Adaptation of alternative computational tools
In addition to methods specifically designed to find TFs for direct reprogramming, a wide range of computational tools has been proposed for identifying reprogramming cocktails. For example, tools developed for TF activity inference, defined by the regulatory influence a TF exerts on its target genes^22^, can be applied to this task. While many of these tools natively support detecting TFs with differential activity between two cell types, others may require adaptation to fit the specific requirements of cell reprogramming studies. However, these tools typically have limited capabilities in accounting for combinatorial TF effects. They do not consider factors such as TF combinations, synergies, and activation order.

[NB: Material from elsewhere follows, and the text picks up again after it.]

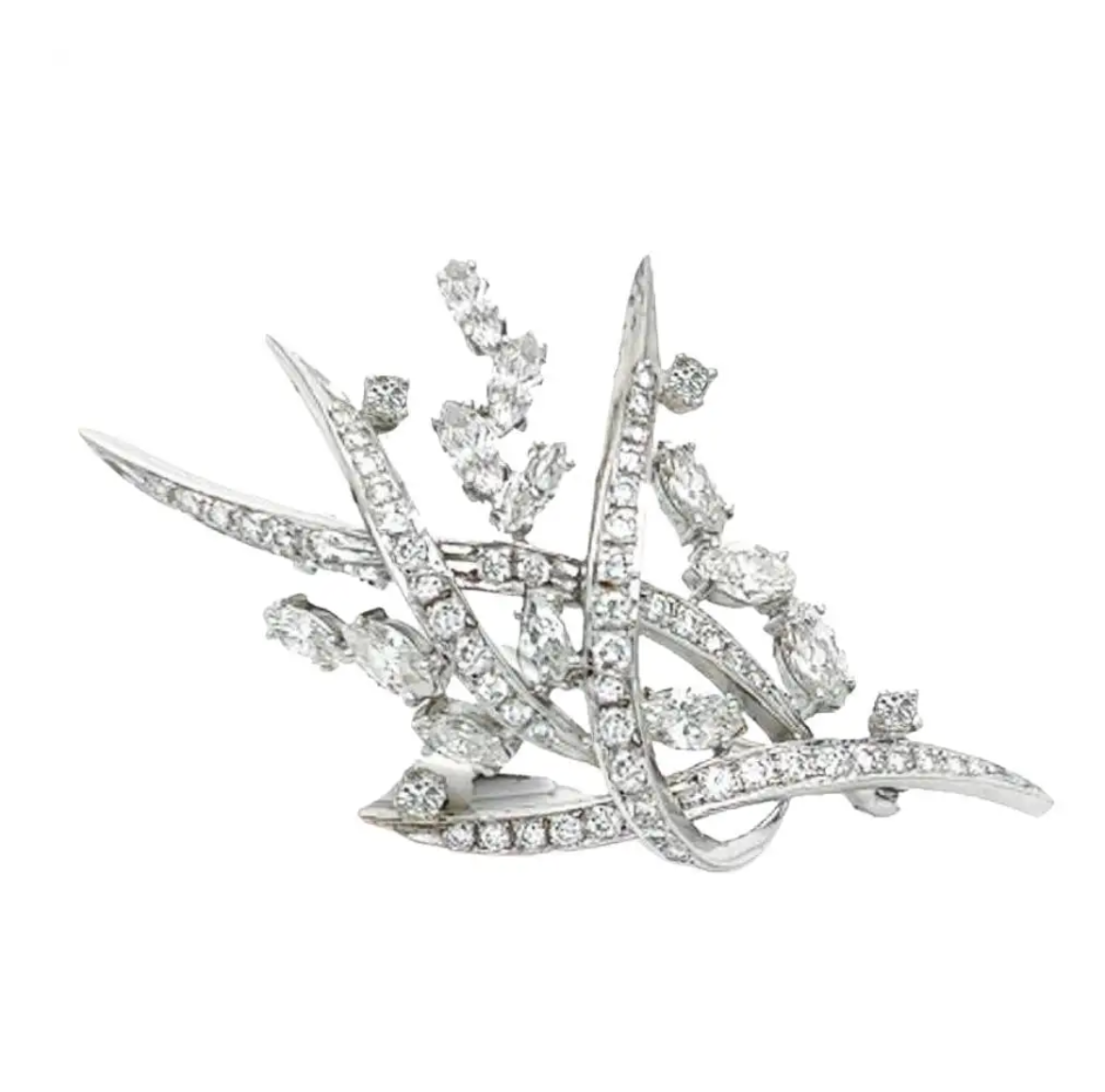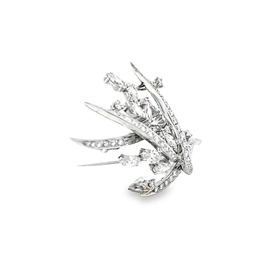 Vintage 14 karat white gold art deco brooch with round brilliant and marquis shaped diamonds. There are 58 diamonds totaling 3.63 carats. 12 marquise weighing 2.30 carats and 48 round brilliants weighing 1.33 carats

Similarly, methods designed to model perturbation effects can theoretically assist in identifying suitable TF candidates by predicting perturbations that shift a donor cell’s state toward the target cell type^23^. Nevertheless, perturbation methods require combinatorial testing of TF sets, which can be computationally highly intensive. For instance, testing all possible combinations of four TFs would involve approximately six trillion calculations—a scale that is only feasible with substantial computational resources and efficiently designed algorithms. Furthermore, perturbation predictions show only local effects and it remains unclear if this is the most efficient path to the target cell type.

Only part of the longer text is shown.